→ **TASK ITEM**: All lines in the records below from the line with "韓国レトロ万能チェック柄スカ" through the line with "除了開具居家健康監測證明,記" are to be given again exactly, both ends included; the pictures are to be left out.

Items from a data source
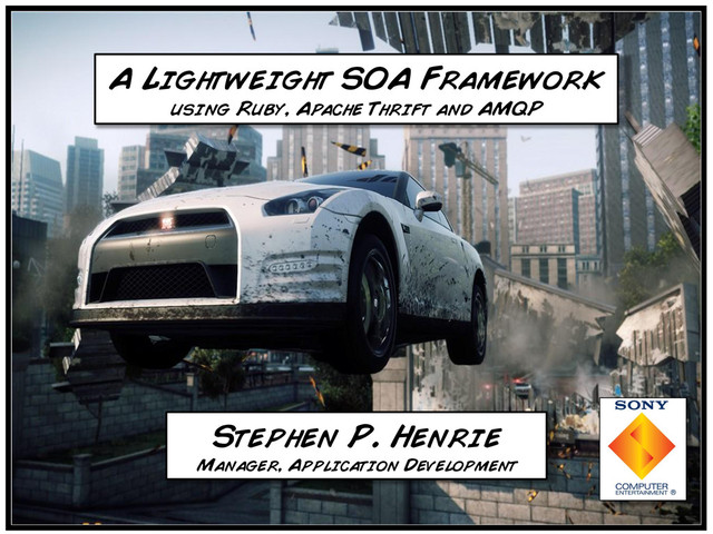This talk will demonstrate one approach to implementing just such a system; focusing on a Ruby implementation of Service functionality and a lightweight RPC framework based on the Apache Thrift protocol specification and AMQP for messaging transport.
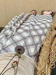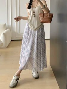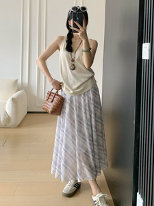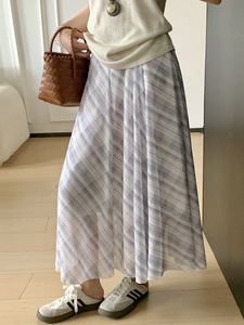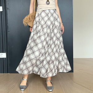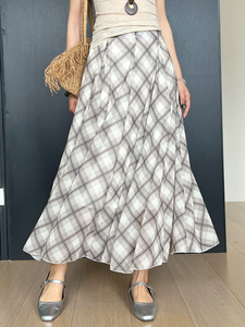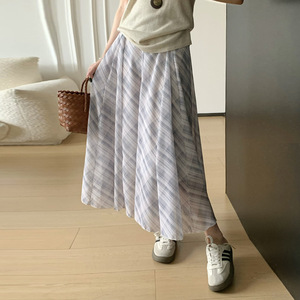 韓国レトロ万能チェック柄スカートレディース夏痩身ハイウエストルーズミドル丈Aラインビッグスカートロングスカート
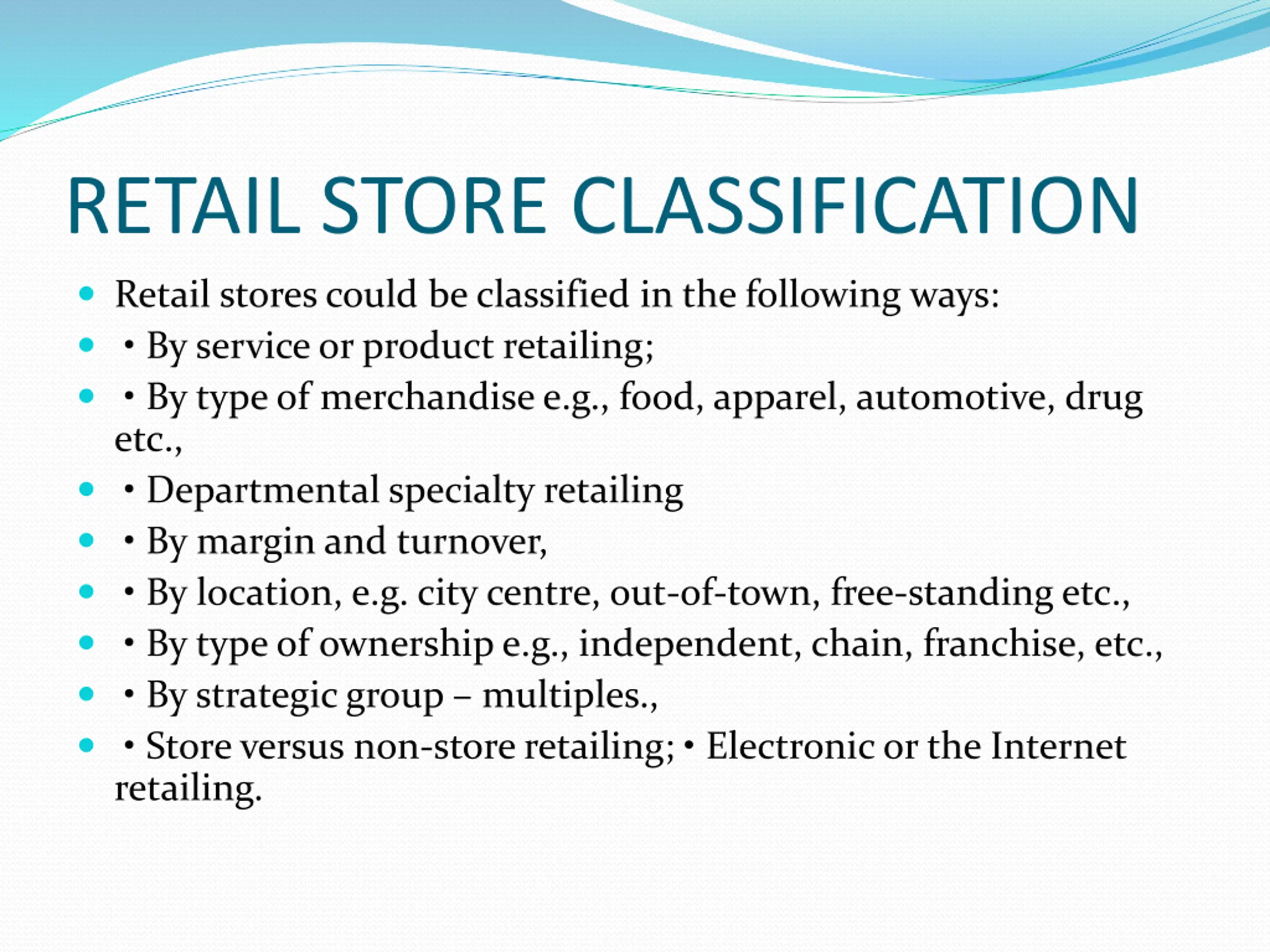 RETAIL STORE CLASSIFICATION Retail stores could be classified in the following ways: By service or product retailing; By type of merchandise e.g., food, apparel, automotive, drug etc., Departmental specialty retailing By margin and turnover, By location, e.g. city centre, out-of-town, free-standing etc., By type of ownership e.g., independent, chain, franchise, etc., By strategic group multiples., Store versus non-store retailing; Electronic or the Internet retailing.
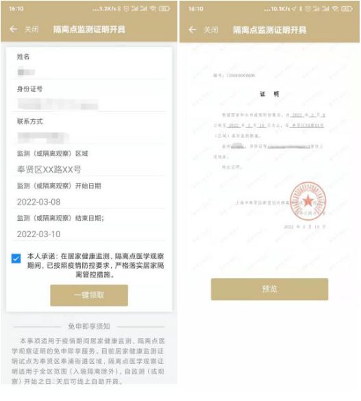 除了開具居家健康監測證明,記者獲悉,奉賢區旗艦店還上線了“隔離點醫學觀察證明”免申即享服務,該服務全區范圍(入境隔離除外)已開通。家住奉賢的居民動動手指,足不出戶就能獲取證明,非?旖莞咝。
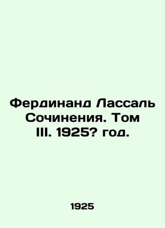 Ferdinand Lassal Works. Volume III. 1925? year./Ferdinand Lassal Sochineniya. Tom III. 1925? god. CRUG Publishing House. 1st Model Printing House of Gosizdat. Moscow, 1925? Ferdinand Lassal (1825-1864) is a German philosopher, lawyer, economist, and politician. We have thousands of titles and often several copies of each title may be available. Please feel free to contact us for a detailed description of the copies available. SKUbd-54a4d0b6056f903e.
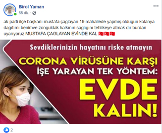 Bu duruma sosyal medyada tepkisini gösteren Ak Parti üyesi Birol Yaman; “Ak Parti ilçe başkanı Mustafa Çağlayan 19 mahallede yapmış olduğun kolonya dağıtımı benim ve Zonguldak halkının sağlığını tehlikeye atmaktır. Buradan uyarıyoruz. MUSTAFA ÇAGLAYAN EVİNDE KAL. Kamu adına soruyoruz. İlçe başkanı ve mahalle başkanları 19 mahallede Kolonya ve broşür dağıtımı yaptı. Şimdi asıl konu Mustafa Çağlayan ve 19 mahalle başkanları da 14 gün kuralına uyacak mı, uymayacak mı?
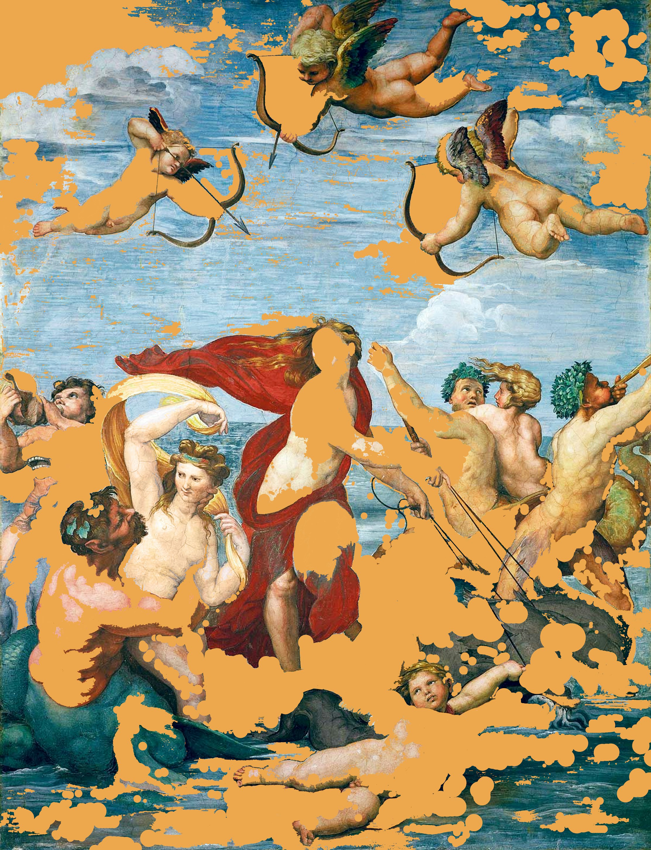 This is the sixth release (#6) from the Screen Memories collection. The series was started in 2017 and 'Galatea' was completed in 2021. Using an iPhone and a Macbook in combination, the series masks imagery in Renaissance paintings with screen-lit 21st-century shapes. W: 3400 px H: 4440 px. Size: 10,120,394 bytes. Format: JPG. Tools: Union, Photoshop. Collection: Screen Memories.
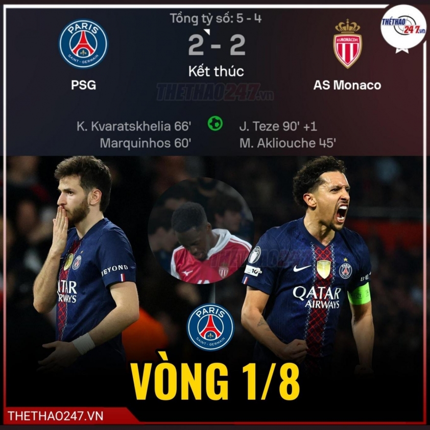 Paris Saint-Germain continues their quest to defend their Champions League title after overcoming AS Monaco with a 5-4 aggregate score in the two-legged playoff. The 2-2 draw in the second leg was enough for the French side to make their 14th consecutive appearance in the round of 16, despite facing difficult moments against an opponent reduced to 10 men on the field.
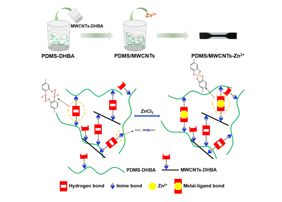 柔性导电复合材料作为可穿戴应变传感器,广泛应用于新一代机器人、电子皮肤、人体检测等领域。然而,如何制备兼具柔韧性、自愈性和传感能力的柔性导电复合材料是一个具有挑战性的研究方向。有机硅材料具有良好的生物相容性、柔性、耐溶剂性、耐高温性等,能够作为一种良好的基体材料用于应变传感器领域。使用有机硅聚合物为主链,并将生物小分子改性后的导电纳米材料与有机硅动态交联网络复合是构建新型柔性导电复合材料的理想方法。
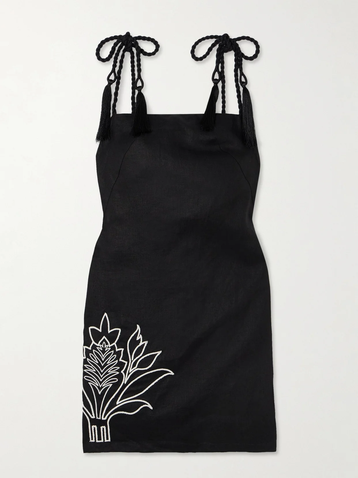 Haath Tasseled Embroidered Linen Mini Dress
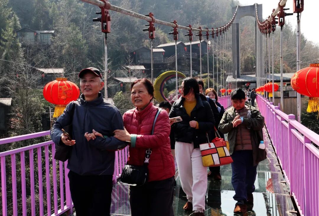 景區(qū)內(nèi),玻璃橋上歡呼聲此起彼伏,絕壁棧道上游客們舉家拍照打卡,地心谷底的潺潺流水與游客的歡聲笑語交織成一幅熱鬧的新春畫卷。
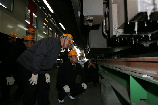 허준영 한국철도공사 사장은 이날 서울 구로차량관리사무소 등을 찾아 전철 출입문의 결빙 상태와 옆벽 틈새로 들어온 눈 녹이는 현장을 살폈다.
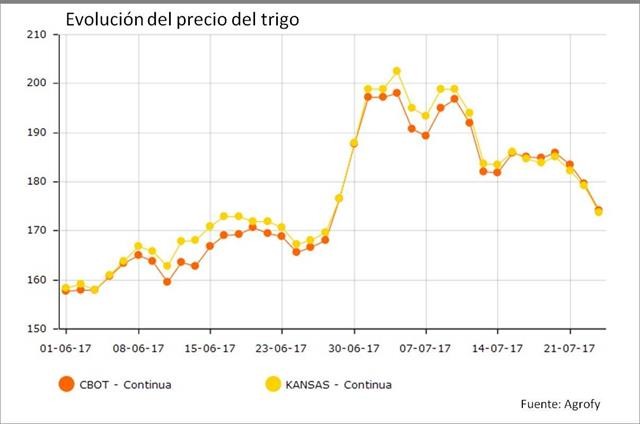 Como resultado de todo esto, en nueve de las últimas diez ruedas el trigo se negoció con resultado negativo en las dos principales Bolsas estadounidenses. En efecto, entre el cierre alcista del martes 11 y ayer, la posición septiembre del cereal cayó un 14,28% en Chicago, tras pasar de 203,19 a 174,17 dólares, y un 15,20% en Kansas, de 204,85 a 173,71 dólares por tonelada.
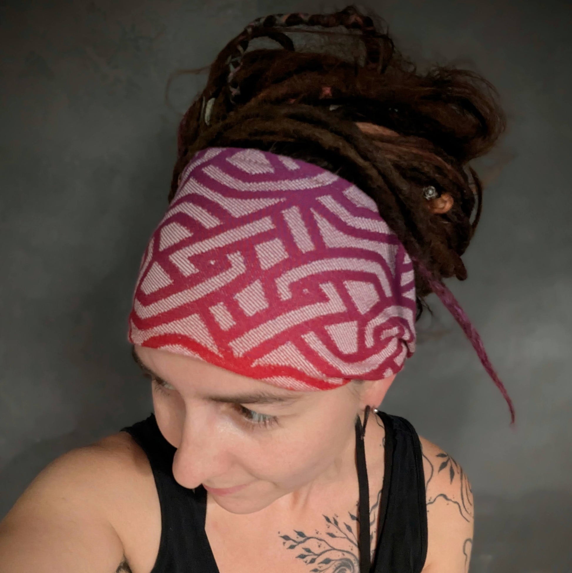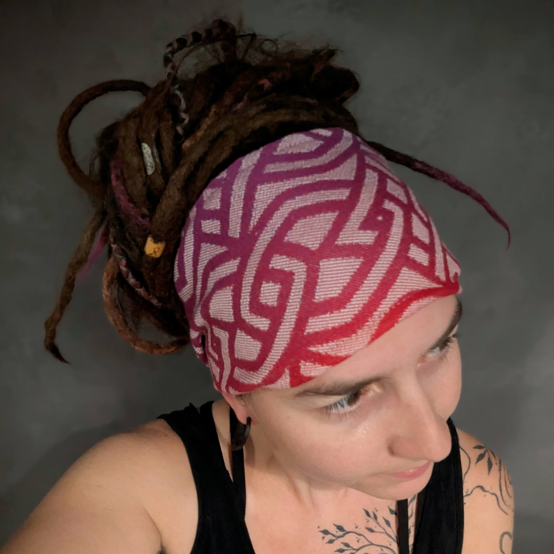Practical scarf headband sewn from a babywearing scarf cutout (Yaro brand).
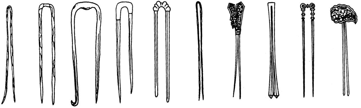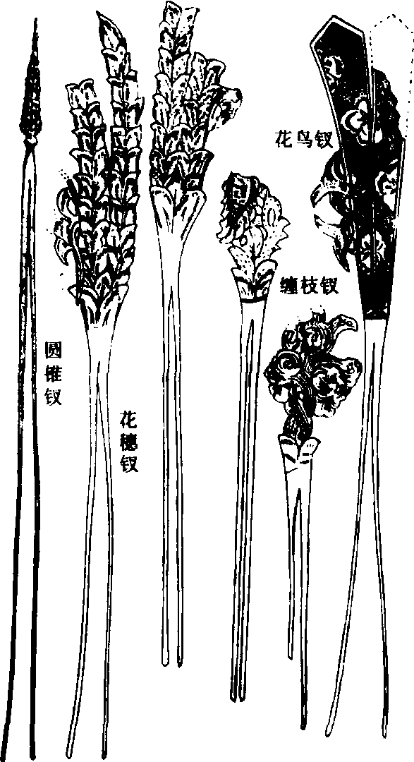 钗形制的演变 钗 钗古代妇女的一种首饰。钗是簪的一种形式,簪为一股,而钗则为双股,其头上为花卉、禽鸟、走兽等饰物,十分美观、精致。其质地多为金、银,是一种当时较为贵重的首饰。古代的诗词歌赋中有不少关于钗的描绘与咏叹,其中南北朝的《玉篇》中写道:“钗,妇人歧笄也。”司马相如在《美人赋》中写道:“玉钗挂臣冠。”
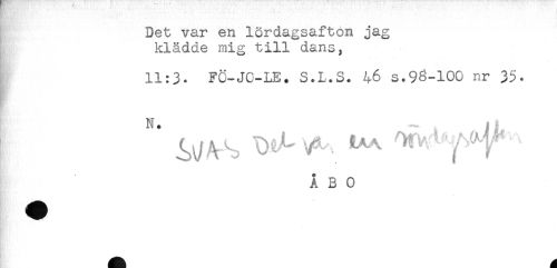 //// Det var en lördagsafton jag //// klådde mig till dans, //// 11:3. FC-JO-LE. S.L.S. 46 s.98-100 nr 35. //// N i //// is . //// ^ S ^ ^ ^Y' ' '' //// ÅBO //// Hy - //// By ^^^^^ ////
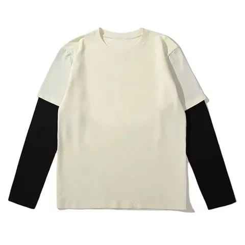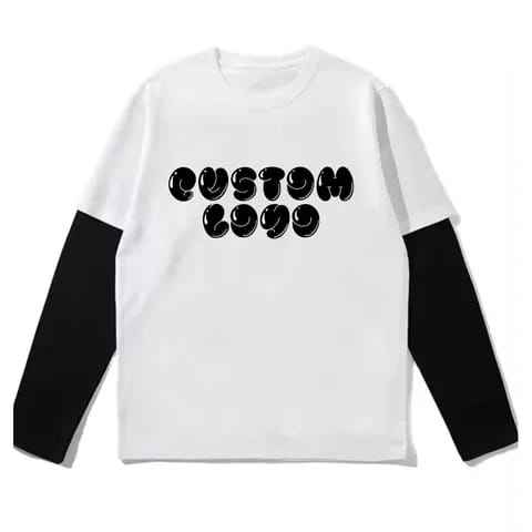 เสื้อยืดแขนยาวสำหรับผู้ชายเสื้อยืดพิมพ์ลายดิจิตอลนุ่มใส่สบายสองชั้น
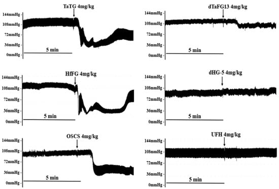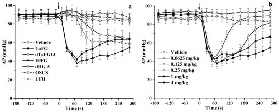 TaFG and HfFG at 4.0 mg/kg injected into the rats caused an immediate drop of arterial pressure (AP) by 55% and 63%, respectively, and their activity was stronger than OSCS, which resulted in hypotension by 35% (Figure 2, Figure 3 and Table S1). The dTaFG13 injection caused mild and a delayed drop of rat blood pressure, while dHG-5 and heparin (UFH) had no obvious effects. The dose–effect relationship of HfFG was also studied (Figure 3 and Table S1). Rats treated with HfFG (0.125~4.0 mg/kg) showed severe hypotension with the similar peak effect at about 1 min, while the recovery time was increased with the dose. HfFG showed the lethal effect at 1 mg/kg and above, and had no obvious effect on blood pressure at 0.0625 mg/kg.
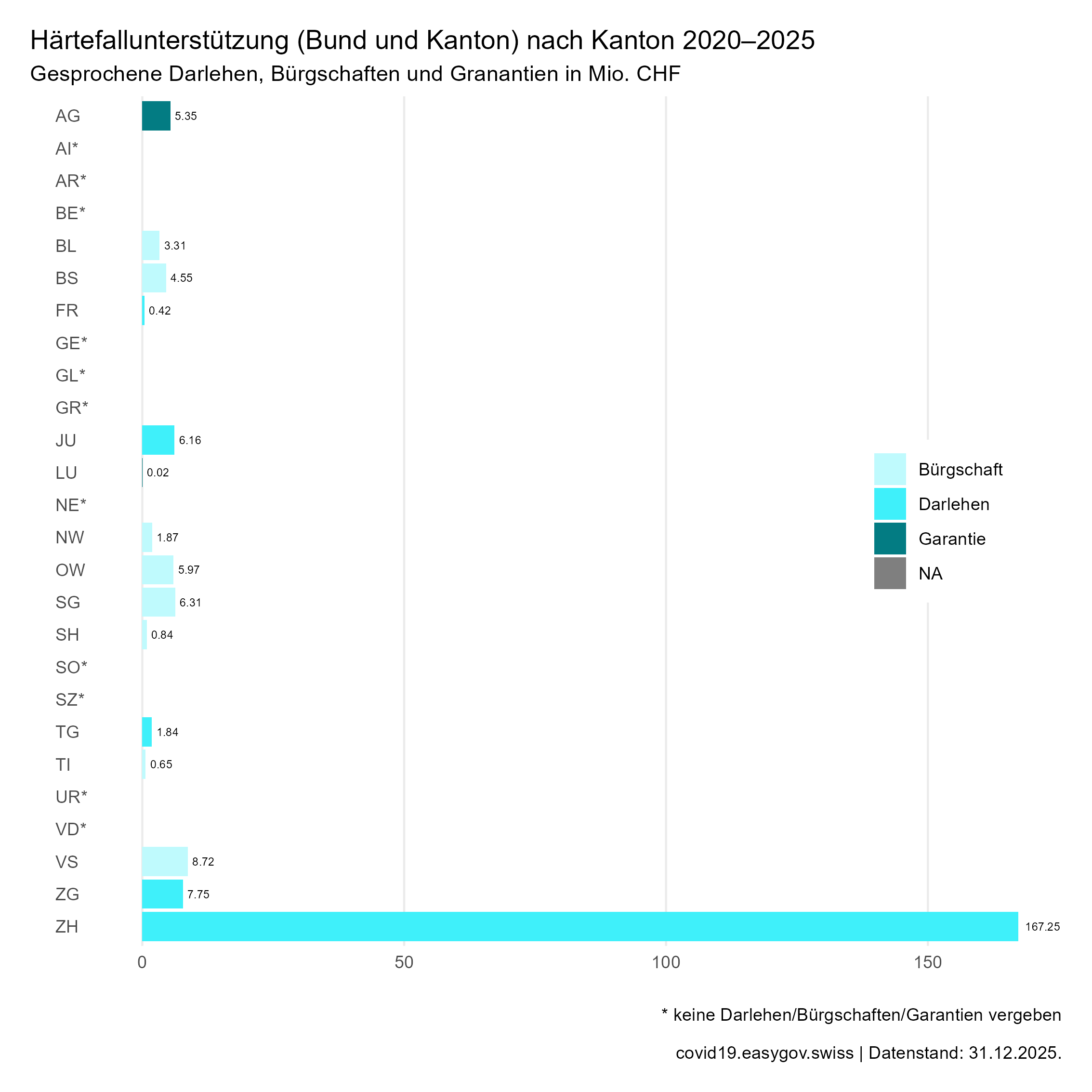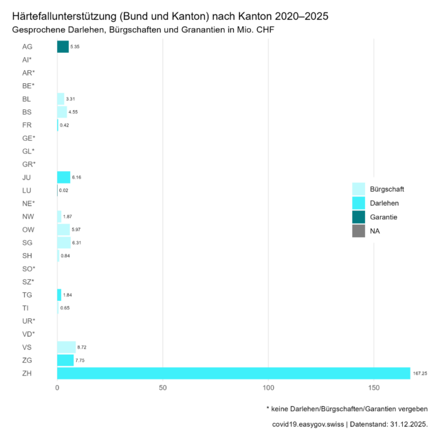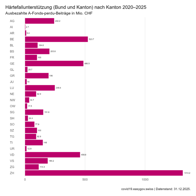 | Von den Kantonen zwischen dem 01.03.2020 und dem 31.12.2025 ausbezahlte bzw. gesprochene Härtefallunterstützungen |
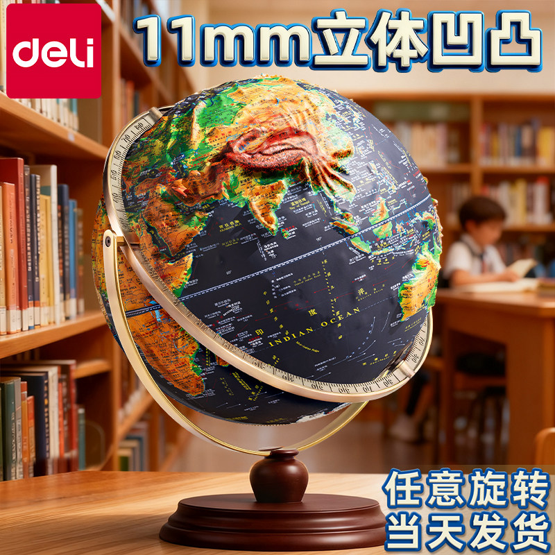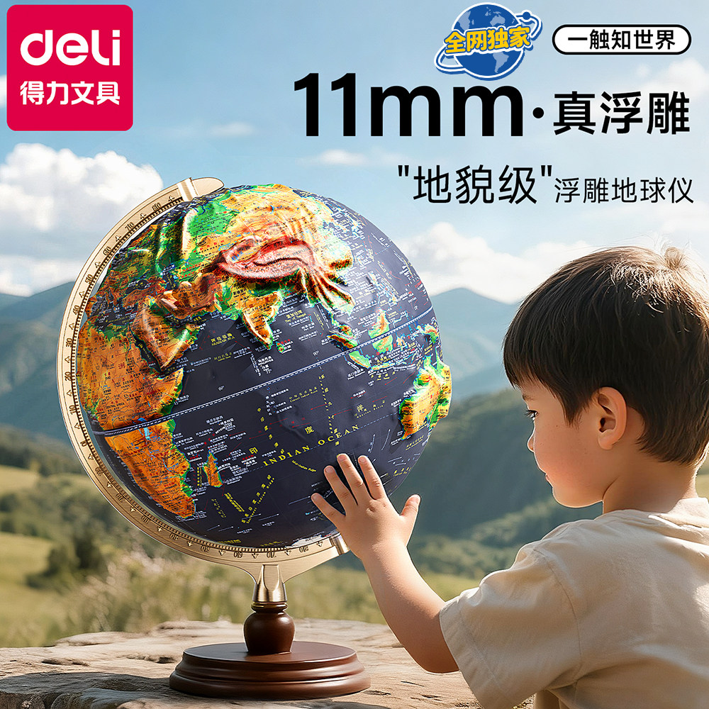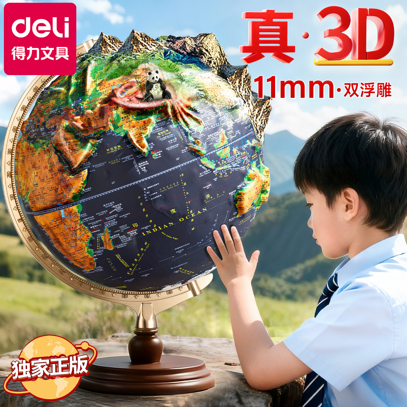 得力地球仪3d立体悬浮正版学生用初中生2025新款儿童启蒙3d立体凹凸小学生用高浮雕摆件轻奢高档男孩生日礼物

→ **RESPONSE BOX**:
 韓国レトロ万能チェック柄スカートレディース夏痩身ハイウエストルーズミドル丈Aラインビッグスカートロングスカート
 RETAIL STORE CLASSIFICATION Retail stores could be classified in the following ways: By service or product retailing; By type of merchandise e.g., food, apparel, automotive, drug etc., Departmental specialty retailing By margin and turnover, By location, e.g. city centre, out-of-town, free-standing etc., By type of ownership e.g., independent, chain, franchise, etc., By strategic group multiples., Store versus non-store retailing; Electronic or the Internet retailing.
 除了開具居家健康監測證明,記者獲悉,奉賢區旗艦店還上線了“隔離點醫學觀察證明”免申即享服務,該服務全區范圍(入境隔離除外)已開通。家住奉賢的居民動動手指,足不出戶就能獲取證明,非?旖莞咝。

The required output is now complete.